— Ты хоть их примерял? — спросил весело Сава.
— А ты как думал? Это ты — хвать да бежать, а я все вымерил. Смотри-ка.
Гриня, сбросив рвань, стал натягивать ботинки, заправляя под голенища штаны. А голенища у них и впрямь были длинными. Поэтому и шнуровать пришлось очень долго.
— Вот только одно неудобство — шнуровка, — вздохнул Гриня, осилив один ботинок.
— А ты не в каждую дырку шнурок-то тяни, через одну хотя б.
— А и верно.
Второй ботинок Гриня зашнуровал быстрее, скача через дырку, а то и через две.
— Вот и все, — разогнул он наконец спину и притопнул правой ногой. — Как влитые... А ты чего оскаляешься?
Саве не хотелось обижать друга, но и удержаться от улыбки он никак не мог, увидев его в таком наряде.
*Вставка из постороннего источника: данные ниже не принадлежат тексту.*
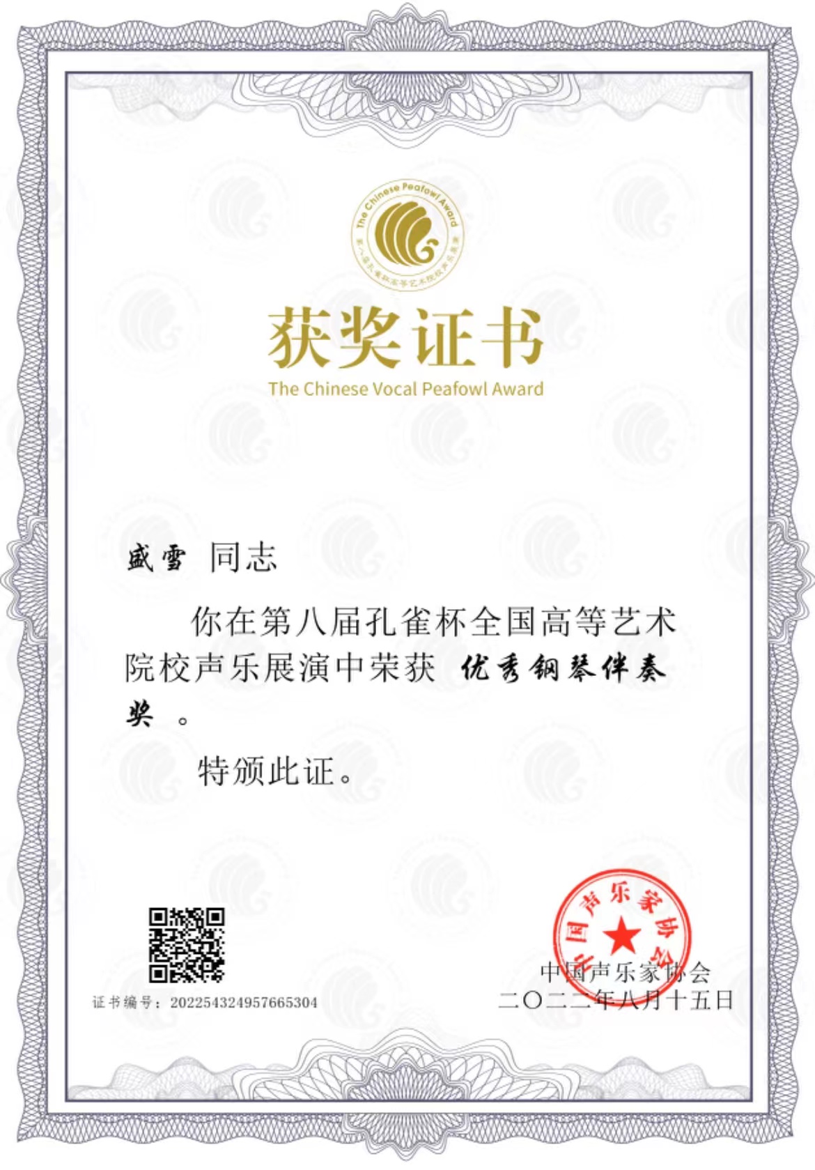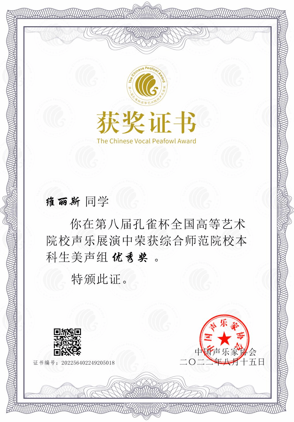 2020级音乐表演班维丽斯同学获综合师范院校本科生美声组“优秀奖”。
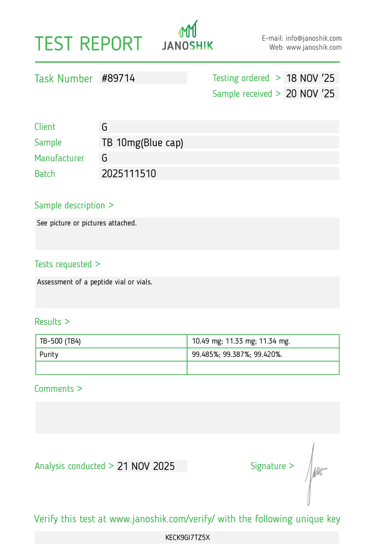Batch verified for identity, purity, and structural integrity
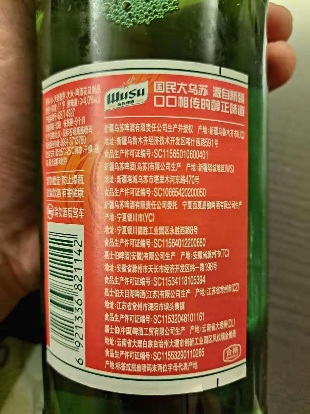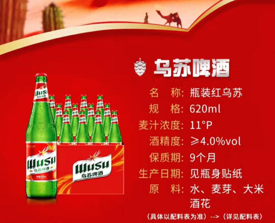 우수 맥주(乌苏啤酒)는 덴마크 칼스버그(Carlsberg) 그룹 소속인 중경(重庆) 맥주의 브랜드 맥주로, 80년대 우수시에서 탄생하였으나 지금은 본사가 중국의 우루무치(乌鲁木齐) 지역으로 이전을 하였지만 맥주의 중요한 생산기지는 여전히 우수시에 위치하고 있다고 합니다.
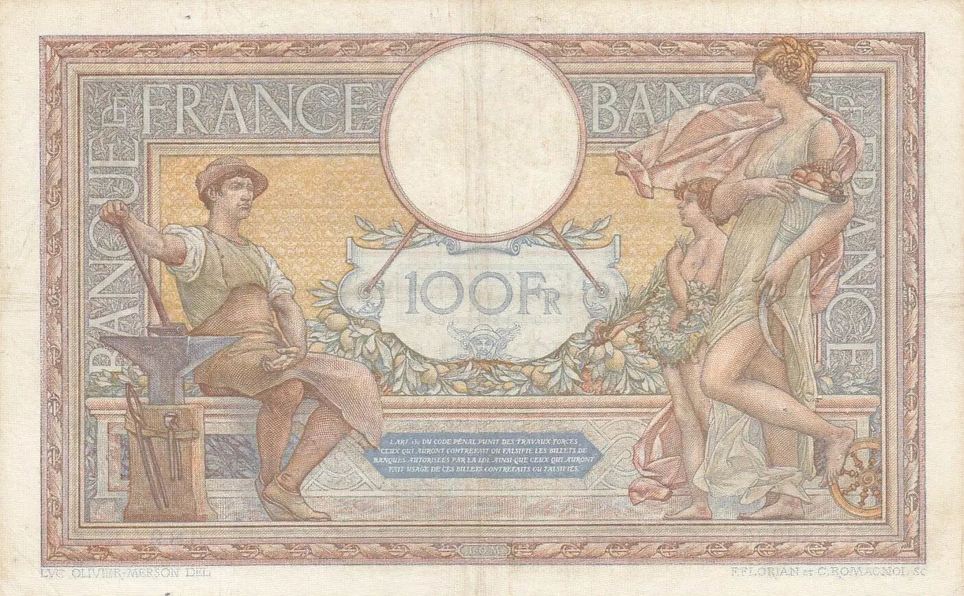 Accueil > Billets Français > Billets Banque de France > Billets 100 Francs > Luc Oliver Merson type 1906 (1908-1939) > France 100 Francs LOM - Grands cartouches - 15-09-1932 - Série R.36936
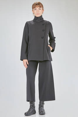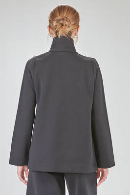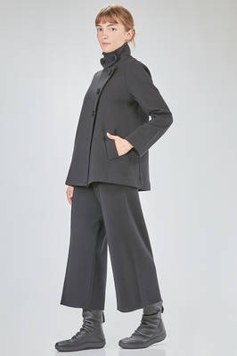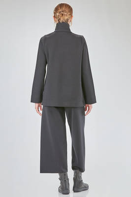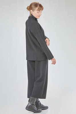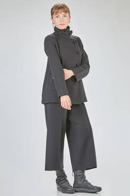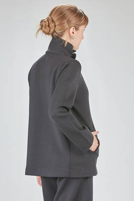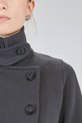 giacca al fianco, lievemente svasata, in maglia lavorata a tessuto di lana merino, doppio petto con collo alto a camicia, chiusura diagonale con bottoni in velluto, pattina removibile al collo, tasche a filo diagonali sul davanti. La modella è alta cm 168 e indossa la taglia I
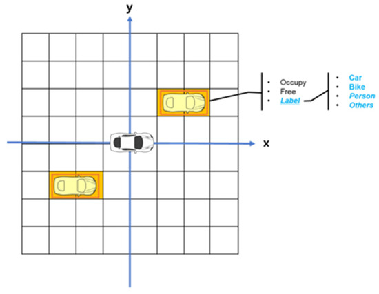 At time t, the state of the grid map is updated using particle filters. When there are particles associated with the occupied grid cell c, the particles at time t include information such as their coordinates , weights and label weights . These are used to assign Occupancy mass ( and Label mass ( using (2).

— Да как-то непривычно, Гриня. Все-таки эвон какие каблуки высокие.
— Ерунда. Каблуки спилить можно.
Но пройдясь туда-сюда по комнате, Гриня решил, что каблуки лучше и не спиливать. Они добавляли ему росту, а это, как он считал, немало значило для человека с мандатом губкома.
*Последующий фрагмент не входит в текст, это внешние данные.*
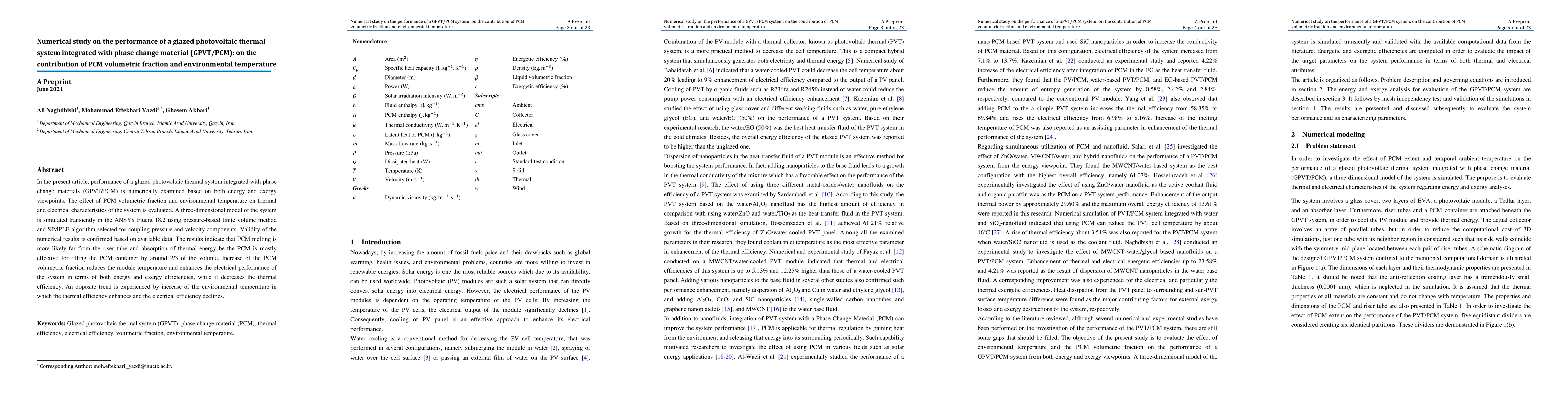 This paper numerically investigates the performance of a glazed photovoltaic thermal system integrated with phase change material (GPVT/PCM), focusing on the impact of PCM volumetric fraction and environmental temperature on the system's thermal and electrical characteristics. Results show that optimal PCM filling (around 2/3 volume) enhances electrical performance while reducing module temperature, whereas higher environmental temperatures boost thermal efficiency but decrease electrical efficiency.
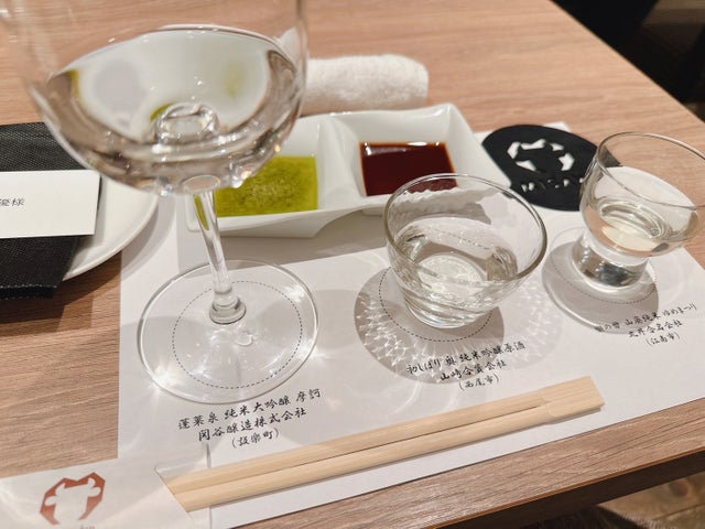 愛知県の地酒三種類をセレクトし、お客様はそれぞれのお酒と料理のペアリングを楽しんでいました。
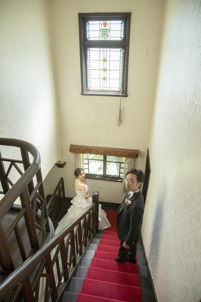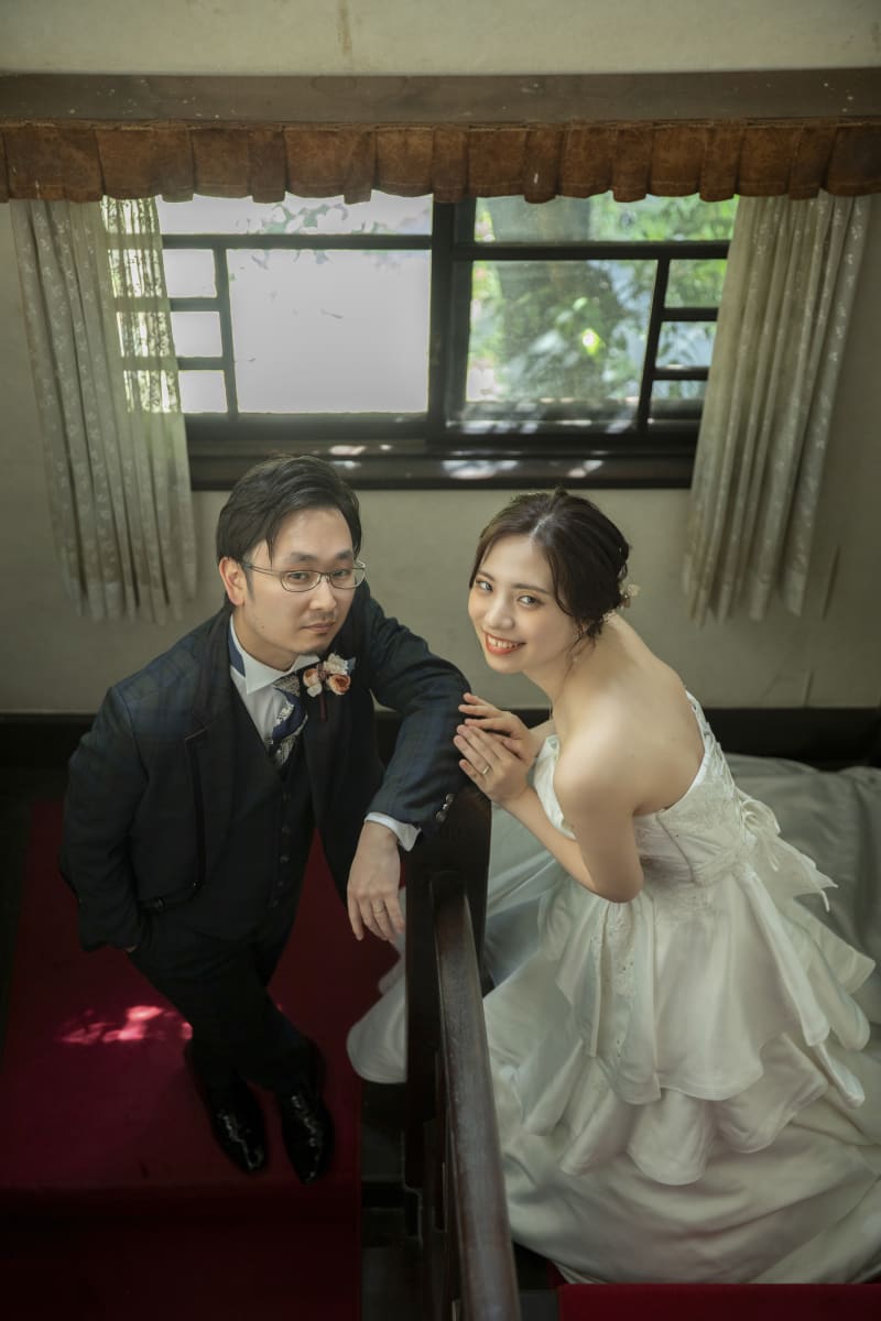 踊り場の手すりに寄りかかって可愛いツーショット。二人にはステンドグラスから柔らかな光が降り注いでいます

Гриня внимательно осмотрел свою обновку, пожалел, что шнуровка спереди, а не сзади (а то бы ботинки здорово смахивали на настоящие сапоги). И наконец, топнув как следует об пол, словно проверял крепость досок, сказал:
— Все. Можно ехать.
4. Вдогонку за товарищем Лагутиным
Возчиком их оказался парнишка лет пятнадцати, с уважением и благоговением смотревший в рот новоиспеченным учителям, да еще и уполномоченным губкома. Гриня сразу дал понять, кто здесь начальник, когда, садясь в телегу, небрежно передвинул за спину кобуру нагана.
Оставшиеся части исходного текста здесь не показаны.